▶ **AVAILABLE DATA**:
┌──
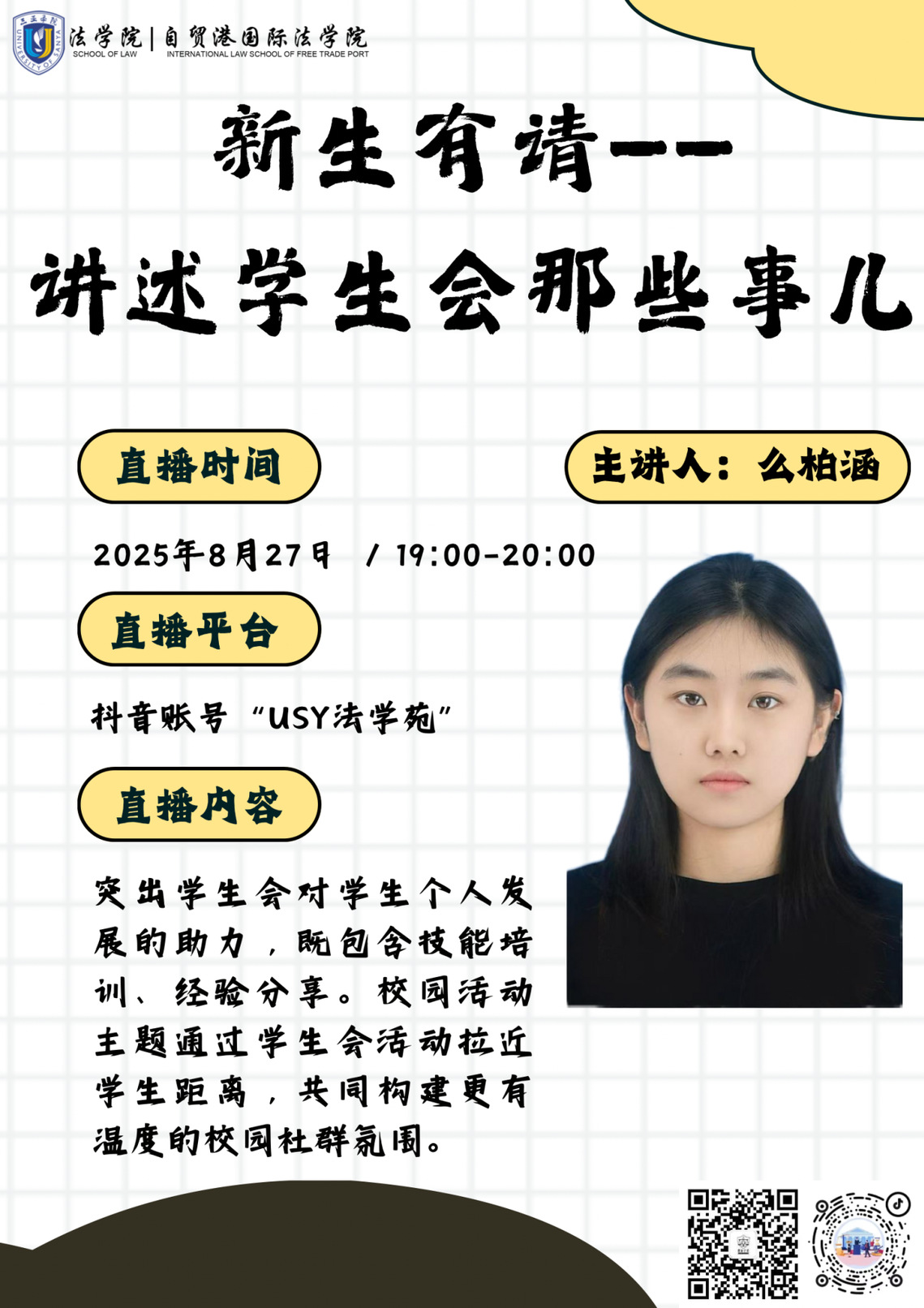 新生答疑|直播预告|新生有请——讲述学生会那些事儿
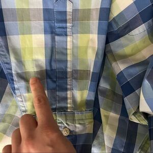 Croft & Barrow plaid button-down dress shirt in yellow, blue, green, and white.
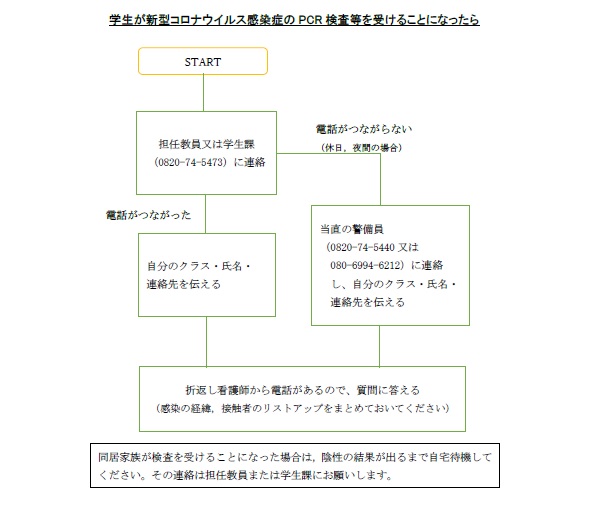 新型コロナウイルス感染症のPCR検査等(抗原検査含む)を受けることになった場合、学校への報告について、以下のとおりお知らせいたします。
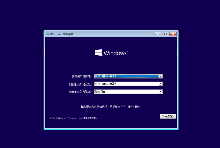 、出现系统安装对话框,默认设置点击“下一步”继续‘。
└──
▶ **THE PROBLEM**: Working from the line containing "Croft & Barrow" to the last line of the data, retype every line exactly, both ends included, and leave out all pictures.

▶ **ANSWER FOR THE TASK**:
 Croft & Barrow plaid button-down dress shirt in yellow, blue, green, and white.
 新型コロナウイルス感染症のPCR検査等(抗原検査含む)を受けることになった場合、学校への報告について、以下のとおりお知らせいたします。
 、出现系统安装对话框,默认设置点击“下一步”继续‘。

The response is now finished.